Вместо этого, дубильщик пришел к этнарху и попросил позволения заклеймить мальчика, чтобы даже тогда, когда период его невольничества закончится, он всю жизнь носил клеймо раба. По-моему, это было очень скромное и более чем справедливое требование, и я полагал, что Шимъон без околичностей удовлетворит его. Однако принять столь простое решение Маккавей оказался неспособен, напротив, он унизил свое достоинство, вступив в беседу с рабом, которого он спросил, почему тот убегает от дубильщика.
— Я хочу быть свободным, — ответил мальчик. Маккавей некоторое время сидел, размышлял, как будто в этих простых словах содержался какой-то глубокий и таинственный смысл. А затем этнарх объявил свой приговор, и при этом в низком, грудном голосе старика была такая глубокая, затаенная печаль, какую я едва ли когда-нибудь слышал в человеческом голосе. Я записал слова, которые он произнес:
— Он получит свободу через два года, именно так, как гласит Закон. И не смей клеймить его.

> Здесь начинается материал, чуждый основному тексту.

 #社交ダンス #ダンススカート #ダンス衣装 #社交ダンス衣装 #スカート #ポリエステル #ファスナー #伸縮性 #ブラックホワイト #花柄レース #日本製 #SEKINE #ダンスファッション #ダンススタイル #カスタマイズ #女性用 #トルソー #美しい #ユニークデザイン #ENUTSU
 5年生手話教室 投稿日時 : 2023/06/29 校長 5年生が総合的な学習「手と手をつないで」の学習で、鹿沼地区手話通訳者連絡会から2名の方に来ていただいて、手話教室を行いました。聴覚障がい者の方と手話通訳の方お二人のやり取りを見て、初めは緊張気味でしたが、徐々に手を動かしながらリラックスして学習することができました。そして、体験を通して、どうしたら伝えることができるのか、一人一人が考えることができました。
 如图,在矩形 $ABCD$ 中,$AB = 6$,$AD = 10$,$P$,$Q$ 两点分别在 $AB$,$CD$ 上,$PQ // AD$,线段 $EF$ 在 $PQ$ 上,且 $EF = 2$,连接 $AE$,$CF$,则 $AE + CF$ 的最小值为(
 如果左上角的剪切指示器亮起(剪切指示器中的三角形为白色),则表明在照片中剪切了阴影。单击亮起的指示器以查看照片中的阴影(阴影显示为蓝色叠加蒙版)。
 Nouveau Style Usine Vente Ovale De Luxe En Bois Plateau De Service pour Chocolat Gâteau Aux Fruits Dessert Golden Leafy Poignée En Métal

На это дубильщик, рассердившись, спросил тем развязным тоном, каким евреи осмеливаются обращаться к любому человеку, независимо от его происхождения и положения:
— А как же деньги, которые я уплатил караванщикам?

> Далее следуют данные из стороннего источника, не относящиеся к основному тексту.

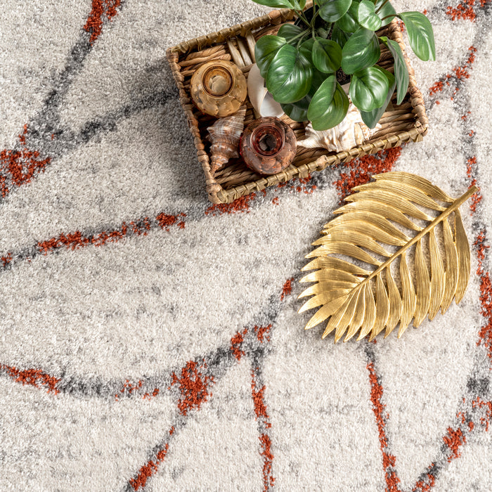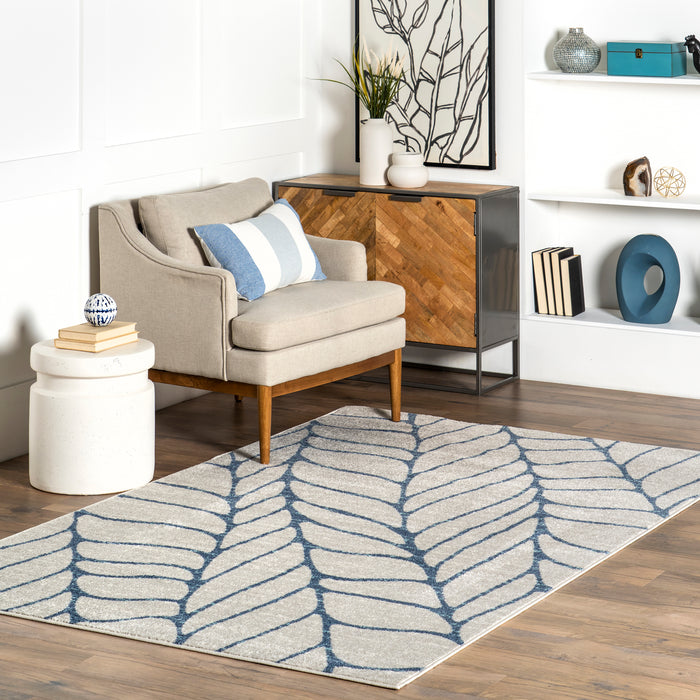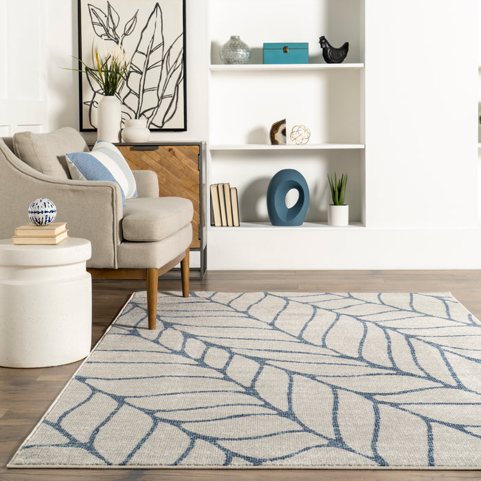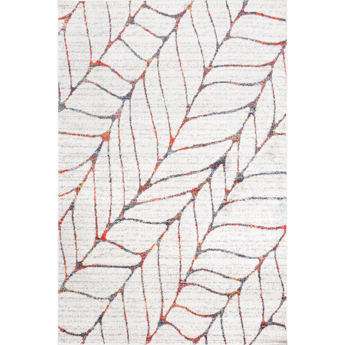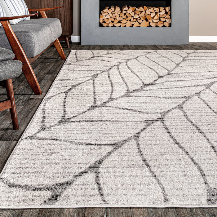 Add a touch of contemporary flair with this floor covering. The abstract leaf pattern gives off a calming feel of nature while adding comfort to your home. Machine-made in Turkey of soft synthetic materials this rug is built to last and comfortable underfoot.

— Пусть это будет плата за твою собственную свободу, дубильщик, — холодно сказал Маккавей.
Дубильщик попытался было возражать и назвал Маккавея по имени, Шимъоном бен Мататьягу, но Шимъон неожиданно вскочил, протянул руку, схватил дубильщика за плечо и заорал:
— Я рассудил тебя, дубильщик! И давно ли ты сам спал в паршивом шалаше из козьих шкур? Короткая же у тебя память! Разве свободу можно надеть или сбросить, как платье?

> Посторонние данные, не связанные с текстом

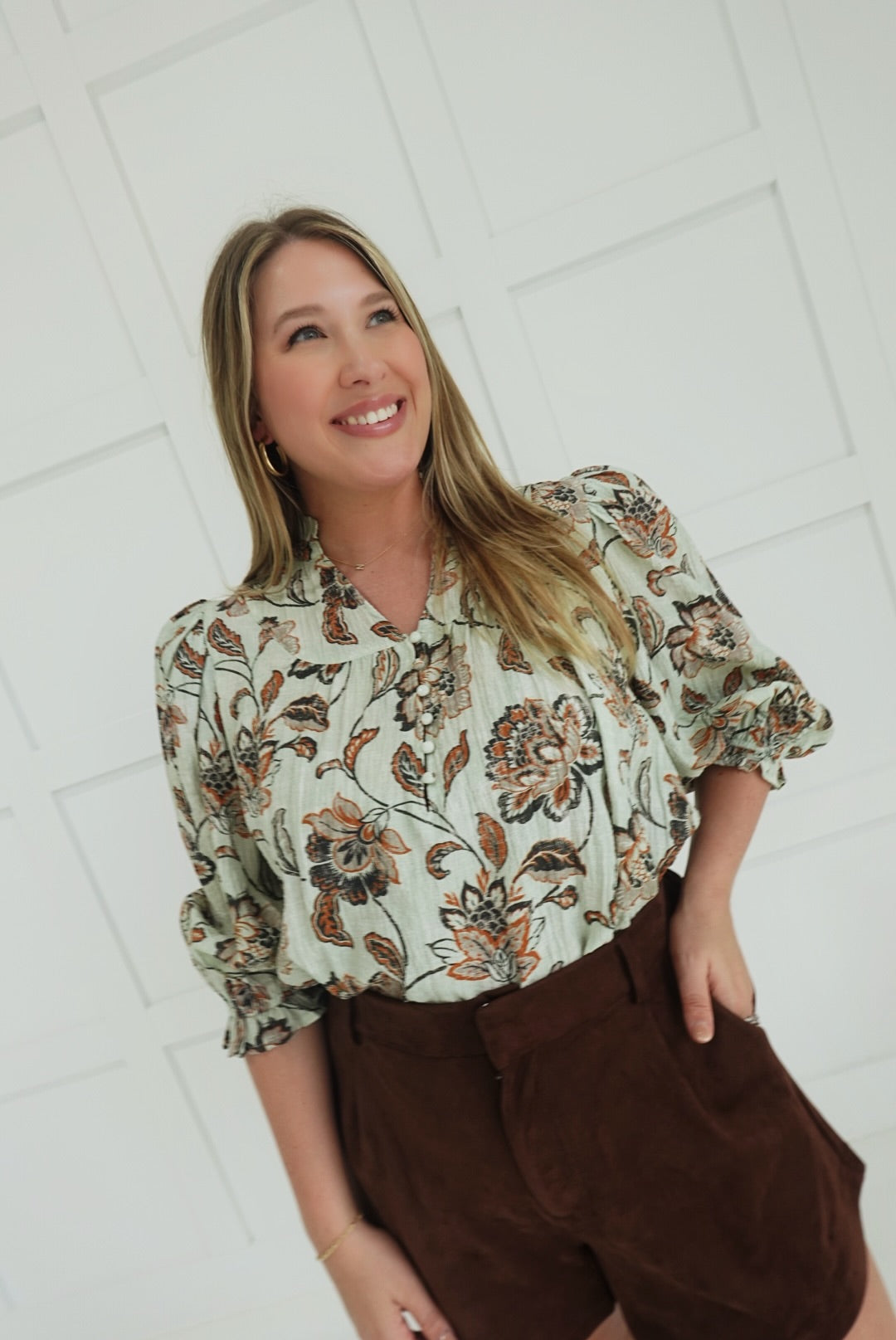 Embrace timeless elegance with the Spirits Grow Blouse, featuring delicate vintage floral patterns that bring a touch of classic charm to your wardrobe. Thoughtfully designed with covered buttons and a softly ruffled collar, this blouse offers both comfort and refined style. Perfect for layering or wearing on its own, it supports your desire to feel confident and graceful every day.

Это был единственный раз, когда этнарх при мне вышел из себя, единственный раз, когда я увидел, как прорвалась наружу глубокая, разъедающая его душу горечь, но этот случай помог мне понять, что он на самом деле за человек этот Шимъон бен Мататьягу.
А вечером мы вместе отужинали, и, беседуя за столом, я не мог не улыбнуться, вспомнив про забавное и достойное первобытных людей происшествие, которому я оказался свидетелем.
— Ты находишь это забавным? — спросил меня Маккавей.
Его что-то томило, и я, чтобы отвлечь его, поболтал с ним о том о сем и задал ему несколько вопросов о рабстве и о некоторых особенностях их необычной религии. Когда он немного рассеялся и оживился, и мы остались вдвоем — сыновья его отправились спать, а жена, у которой, по ее словам, разболелась голова, вышла на балкон подышать свежим воздухом, — я сказал этнарху:
— Что ты имел в виду, Шимъон Маккавей, когда сказал, что свободу нельзя надеть или сбросить, как платье?
В этот момент старик держал в руке гроздь чудесного, сладкого иудейского винограда. Услышав мой вопрос, он положил гроздь на стол и некоторое время пристально смотрел на меня, как будто я его разбудил.
— Почему ты об этом спрашиваешь? — сказал он наконец.
— Моя задача — спрашивать, узнавать, пытаться понять, Шимъон бен Мататьягу. В противном случае я не смогу служить Риму и самому себе.